Ashley Jackson was an ammunition technician in the Marines. In April 2015, after an argument with her husband at their Camp Pendleton, Calif., home, she hanged herself with a dog leash.

“These are guys and women who gave until they had nothing left to give,” says Kim Ruocco, whose husband, Marine Maj. John Ruocco, committed suicide in 2005 after flying helicopters in Bosnia, Somalia and Iraq. “They didn’t die a heroic death, but they lived heroic lives.”

Veteran advocates blame the crisis on the soldiers’ difficulty transitioning from military to civilian life, the scars they carry home and the stigma associated with seeking help.

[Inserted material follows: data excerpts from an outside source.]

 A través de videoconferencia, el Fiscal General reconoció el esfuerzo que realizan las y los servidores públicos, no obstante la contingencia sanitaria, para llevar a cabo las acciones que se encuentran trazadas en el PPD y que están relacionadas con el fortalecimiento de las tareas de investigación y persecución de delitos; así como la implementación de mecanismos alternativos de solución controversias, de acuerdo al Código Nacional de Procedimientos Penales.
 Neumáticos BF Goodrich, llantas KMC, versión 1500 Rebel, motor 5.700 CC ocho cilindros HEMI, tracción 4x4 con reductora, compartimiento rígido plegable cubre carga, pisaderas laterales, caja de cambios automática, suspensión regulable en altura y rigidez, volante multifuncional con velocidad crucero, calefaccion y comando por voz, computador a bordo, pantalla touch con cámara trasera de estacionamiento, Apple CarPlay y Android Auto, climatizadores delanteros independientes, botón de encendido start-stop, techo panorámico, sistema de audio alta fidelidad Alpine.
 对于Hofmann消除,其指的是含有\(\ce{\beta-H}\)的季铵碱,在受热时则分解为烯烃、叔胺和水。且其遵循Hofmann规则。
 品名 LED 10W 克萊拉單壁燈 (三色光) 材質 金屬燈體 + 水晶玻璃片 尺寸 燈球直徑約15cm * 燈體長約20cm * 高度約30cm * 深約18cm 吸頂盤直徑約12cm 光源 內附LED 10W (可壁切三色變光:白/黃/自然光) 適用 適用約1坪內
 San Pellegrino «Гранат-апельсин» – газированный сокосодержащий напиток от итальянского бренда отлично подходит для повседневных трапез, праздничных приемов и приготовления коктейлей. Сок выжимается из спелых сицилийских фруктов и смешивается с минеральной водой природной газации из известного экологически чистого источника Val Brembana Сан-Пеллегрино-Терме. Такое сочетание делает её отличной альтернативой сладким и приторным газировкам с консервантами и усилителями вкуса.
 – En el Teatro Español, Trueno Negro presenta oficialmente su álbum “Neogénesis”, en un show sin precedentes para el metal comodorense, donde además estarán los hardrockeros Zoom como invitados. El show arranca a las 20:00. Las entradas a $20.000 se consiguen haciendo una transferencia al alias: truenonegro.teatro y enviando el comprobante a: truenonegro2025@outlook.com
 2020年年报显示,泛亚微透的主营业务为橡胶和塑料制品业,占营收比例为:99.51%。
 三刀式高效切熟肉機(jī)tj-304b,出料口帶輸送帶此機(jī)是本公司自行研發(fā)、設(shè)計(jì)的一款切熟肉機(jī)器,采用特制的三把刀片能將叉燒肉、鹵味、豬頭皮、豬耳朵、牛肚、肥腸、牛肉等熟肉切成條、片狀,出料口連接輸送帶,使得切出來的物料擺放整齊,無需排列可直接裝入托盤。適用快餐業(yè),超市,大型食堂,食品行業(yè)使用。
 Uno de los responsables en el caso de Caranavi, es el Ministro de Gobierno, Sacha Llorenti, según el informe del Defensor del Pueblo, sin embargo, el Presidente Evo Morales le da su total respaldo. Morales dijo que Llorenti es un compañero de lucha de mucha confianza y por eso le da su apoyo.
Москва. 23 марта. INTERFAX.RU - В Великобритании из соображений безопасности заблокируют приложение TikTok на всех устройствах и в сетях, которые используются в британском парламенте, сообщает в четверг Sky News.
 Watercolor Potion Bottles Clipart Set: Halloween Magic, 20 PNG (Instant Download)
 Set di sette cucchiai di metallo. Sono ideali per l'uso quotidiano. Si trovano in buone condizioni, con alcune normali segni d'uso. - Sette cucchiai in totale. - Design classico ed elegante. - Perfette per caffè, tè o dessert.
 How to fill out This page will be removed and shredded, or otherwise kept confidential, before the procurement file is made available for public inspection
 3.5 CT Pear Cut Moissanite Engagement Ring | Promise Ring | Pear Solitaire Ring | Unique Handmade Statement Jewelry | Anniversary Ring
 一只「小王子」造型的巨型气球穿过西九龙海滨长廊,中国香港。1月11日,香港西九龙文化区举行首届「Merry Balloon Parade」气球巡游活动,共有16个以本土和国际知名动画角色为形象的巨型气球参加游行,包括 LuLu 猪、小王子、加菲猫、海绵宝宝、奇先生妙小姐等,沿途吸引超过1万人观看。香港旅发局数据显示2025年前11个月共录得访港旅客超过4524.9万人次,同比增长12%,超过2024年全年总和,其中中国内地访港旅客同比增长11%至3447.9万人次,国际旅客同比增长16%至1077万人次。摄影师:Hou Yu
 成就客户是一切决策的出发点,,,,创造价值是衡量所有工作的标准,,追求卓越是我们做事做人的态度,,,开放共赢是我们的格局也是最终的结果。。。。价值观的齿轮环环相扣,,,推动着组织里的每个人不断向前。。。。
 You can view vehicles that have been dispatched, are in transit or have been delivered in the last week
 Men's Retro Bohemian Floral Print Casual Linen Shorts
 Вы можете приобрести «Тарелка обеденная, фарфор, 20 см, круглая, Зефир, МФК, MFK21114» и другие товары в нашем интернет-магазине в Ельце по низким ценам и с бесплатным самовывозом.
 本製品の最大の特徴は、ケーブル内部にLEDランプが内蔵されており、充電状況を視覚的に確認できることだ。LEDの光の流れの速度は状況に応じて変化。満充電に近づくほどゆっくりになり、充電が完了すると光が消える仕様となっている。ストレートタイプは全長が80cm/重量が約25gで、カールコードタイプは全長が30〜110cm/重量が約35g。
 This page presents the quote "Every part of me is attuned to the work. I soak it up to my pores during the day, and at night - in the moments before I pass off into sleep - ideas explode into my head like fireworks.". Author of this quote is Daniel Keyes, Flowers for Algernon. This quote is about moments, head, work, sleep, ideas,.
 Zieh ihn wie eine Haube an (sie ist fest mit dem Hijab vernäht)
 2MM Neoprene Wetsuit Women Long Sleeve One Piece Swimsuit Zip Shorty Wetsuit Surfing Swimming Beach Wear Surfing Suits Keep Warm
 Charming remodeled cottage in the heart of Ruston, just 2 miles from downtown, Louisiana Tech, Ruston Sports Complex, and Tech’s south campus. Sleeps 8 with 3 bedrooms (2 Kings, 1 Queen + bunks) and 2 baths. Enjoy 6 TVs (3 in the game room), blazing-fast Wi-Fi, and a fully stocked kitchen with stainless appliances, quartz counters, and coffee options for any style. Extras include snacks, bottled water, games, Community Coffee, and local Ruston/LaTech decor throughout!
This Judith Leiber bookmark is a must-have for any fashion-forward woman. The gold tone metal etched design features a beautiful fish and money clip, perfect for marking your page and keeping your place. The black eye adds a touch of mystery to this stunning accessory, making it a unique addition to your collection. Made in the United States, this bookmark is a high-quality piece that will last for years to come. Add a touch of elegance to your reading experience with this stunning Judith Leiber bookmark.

“When you see someone wounded or killed, at that moment you don’t have time to stop and grieve or anything,” notes Lozzio, who runs Catch 22 Peer Support in El Paso, Texas. “You have to do your job or more people could be killed or wounded.”

“It’s only later, once you get home, that you begin to process it all. I experienced it myself. I saw dead bodies and friends die, and at the time I had to just keep doing my job.”

“Years later, those things come flooding back. I still feel those things and see those things on a daily basis, and it’s very hard.”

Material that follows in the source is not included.